330 00:34:10.739 ⇒ 00:34:15.620 Uttam Kumaran: I don’t see any proactivity like I don’t see him setting. I had to set up that meeting today
331 00:34:16.000 ⇒ 00:34:22.150 Uttam Kumaran: like like he could have set that meeting up that today that we had last week, right
332 00:34:22.827 ⇒ 00:34:25.389 Uttam Kumaran: like on Thursday or Friday like.
333 00:34:25.670 ⇒ 00:34:30.770 Uttam Kumaran: and I’m having to reach out for like every single ticket to see like when things are getting done.
334 00:34:35.500 ⇒ 00:34:36.399 Awaish Kumar: Okay. Yeah.
335 00:34:36.400 ⇒ 00:34:40.020 Amber Lin: You know how this discussion goes. I need to hop actually.
336 00:34:40.305 ⇒ 00:34:40.590 Uttam Kumaran: Okay.
337 00:34:40.590 ⇒ 00:34:47.360 Amber Lin: Actually we need. I need this meeting room. But I would love a decision. Where? How? That would go as well.
338 00:34:48.550 ⇒ 00:34:51.826 Uttam Kumaran: Okay, okay, yeah, let’s let’s talk about it.

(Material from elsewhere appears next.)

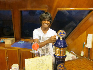 それでも、いつもどおり夕飯にはビールです。今日はボートクルーのこの男の子が注いでくれました。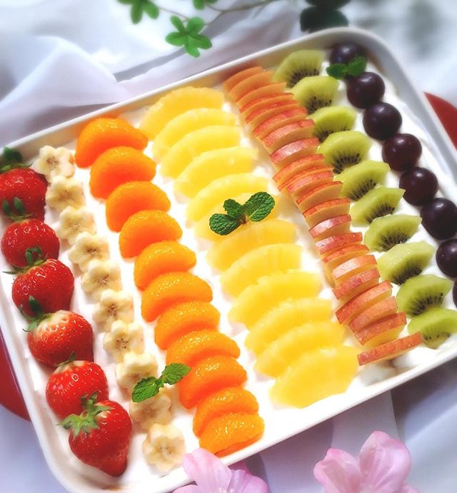 フルーツはこちらのように一列に並べてトッピングすると簡単にデコレーションできます。

339 00:34:52.500 ⇒ 00:35:08.120 Uttam Kumaran: let’s talk about a little bit more on Wednesday, and then we can prep something or a wish. If you wanna message me in the managers meeting, we can work Async and prepare something to share with him. I do feel very similarly in that, like any work that gets assigned to him, it’s
340 00:35:08.260 ⇒ 00:35:10.350 Uttam Kumaran: seems like it’s a little bit of a risk.
341 00:35:12.260 ⇒ 00:35:15.709 Uttam Kumaran: So I kind of do want to make it really clear that, like.
342 00:35:15.880 ⇒ 00:35:20.120 Uttam Kumaran: we’re noticing that not only on the internal work, but
343 00:35:20.240 ⇒ 00:35:25.120 Uttam Kumaran: like on the client work as well, and that we kind of need to see a change.
344 00:35:26.470 ⇒ 00:35:30.990 Uttam Kumaran: So let’s work Async on on that. And and we can communicate something.
345 00:35:31.690 ⇒ 00:35:32.440 Amber Lin: Okay.
346 00:35:32.770 ⇒ 00:35:33.790 Uttam Kumaran: Okay. Okay.
347 00:35:34.470 ⇒ 00:35:36.199 Hannah Wang: Thanks all. Thank you.
348 00:35:36.200 ⇒ 00:35:37.170 Uttam Kumaran: Thanks. Everyone.
349 00:35:37.510 ⇒ 00:35:37.950 Hannah Wang: Bye.
350 00:35:37.950 ⇒ 00:35:38.870 Amber Lin: Bye, bye.